Statistical Analysis
The independent variable was treatment by the study drug taken over the course of 28 days. The dependent variables were the laboratory test variables, adverse events, severity of adverse events, relationship of adverse events to administration of the study drug, action taken to resolve the event, and outcome of the adverse events. The study conditions were standardized throughout the group. The sample size (n=20) was decided by the sponsor, Heel Inc., 11600 Cochiti Street SE, Albuquerque, NM 87123. The study was a within-subjects design and was not blinded.

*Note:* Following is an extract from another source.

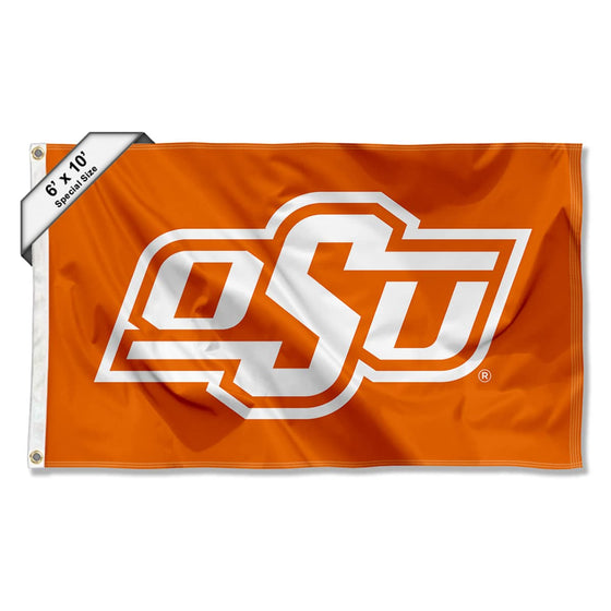 Details: This Large Flag, Banner or Pennant measures 6 ft x 10 ft in size, has Quadruple Stitched fly ends, is made of durable woven Polyester, and has two Metal Grommets for attaching to your flagpole or hanging from the rafters or on any wall. The Screen Printed OSU Cowboys logos are Officially Licensed and College, University, or Team Approved and are Viewable on Both Sides (Opposite Side is a Reverse Image). Please Note, these are very large 6x10 foot flags (typical flag is 3x5 feet in size) so please measure for your use before ordering.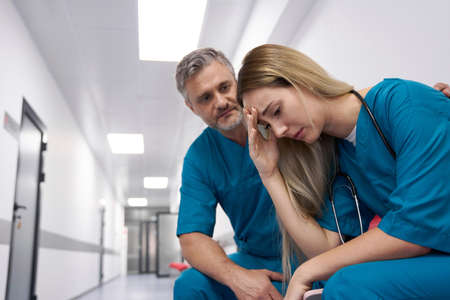Male doctor in corridor comforting sad female doctor

All adverse events were listed together with information on onset, duration, severity, relationship to drug, and outcome. Frequency statistics were run to evaluate the frequency of adverse events, their severity, their relationship to study medication, any action taken to resolve them, and the outcomes of the events. A paired samples t test was used to evaluate changes that occurred in the physiological variables from baseline to posttreatment. The biometrical evaluation was performed using a personal computer with the SPSS statistical software package (SPSS Inc, Chicago, Ill.). The study conformed to the principles of the Declaration of Helsinki as well as with German drug law and the requirements thereof.